Woman accused of raping inmate gets bail

A woman accused of gang raping another prison inmate looking for drugs has been bailed. (AAP)

A woman accused of gang raping a female inmate who had smuggled drugs into prison has been granted bail.

On Tuesday, NSW Supreme Court Justice Peter Hamill allowed Deborah Anne Hardy to walk free from Dillwynia Correction Centre in Sydney and live at her mother's home under house arrest while her case progresses.

In August 11 last year, a Dillwynia inmate alleges she was pulled into a cell and brutally assaulted by a group of six women who penetrated her looking for internally hidden drugs.

The victim sneaked methamphetamine and buprenorphine into the prison when she was incarcerated, and shared these drugs with her fellow inmates. The alleged rape occurred after the drugs had run out and the women wanted more.

The judge called the alleged incident horrendous and premeditated.

"If anything like it happened, it would have been a most distressing, demeaning experience for the alleged victim," he said.

Hardy is charged with aggravated sexual assault, which carries a maximum term of life imprisonment.
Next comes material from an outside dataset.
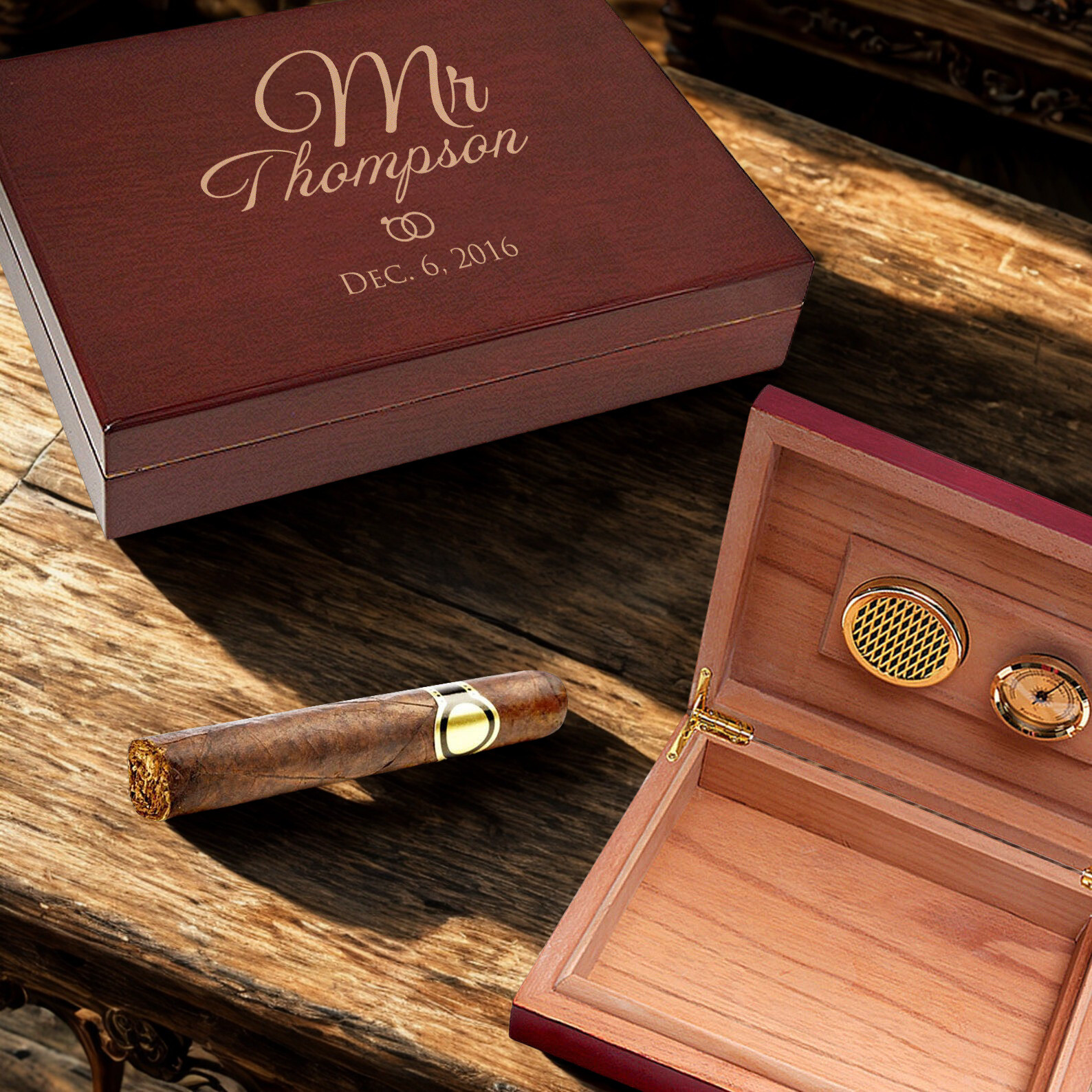 This personalized box is a beautifully crafted, large cigar humidor. It is designed for an occasional cigar smoker who cares about quality and manly looks of his humidor. It can hold maximum 20 cigars at a time. This cigar box oozes class and sophistication. It makes the perfect personalized gift for any cigar smoker. Cigars are natural products, and require special care and protection just like any other perishable item.
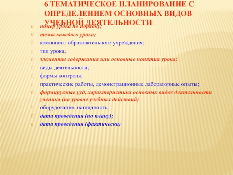 Слайд 236 Тематическое планирование с определением основных видов учебной деятельности

She faces an alternative charge of assault occasioning actual bodily harm, after being accused of kicking the victim in the head.

Justice Hamill granted bail after noting that Hardy was on the cusp of parole when the alleged incident occurred and that she had stabilised her drug problem by partaking in a buprenorphine program.

The judge also pointed out difficulties in the Crown's case against Hardy including statements from witnesses that Hardy had said "that's enough, girls" during the incident before walking away crying.

"That would suggest that whatever was happening at that time was not something that Ms Hardy approved of," the judge said.

Hardy has been in jail since December 2020 after being found guilty of driving whilst disqualified and driving while taking a conveyance. In that incident, she pretended to be a car buyer and took vehicles out for high speed test drives.

Hardy also faced time in prison for a 2012 robbery.

She will be required to live under house arrest at her mother's home in Port Stephens, and to report to the local police station daily.

The case will come before Port Macquarie District Court on June 22.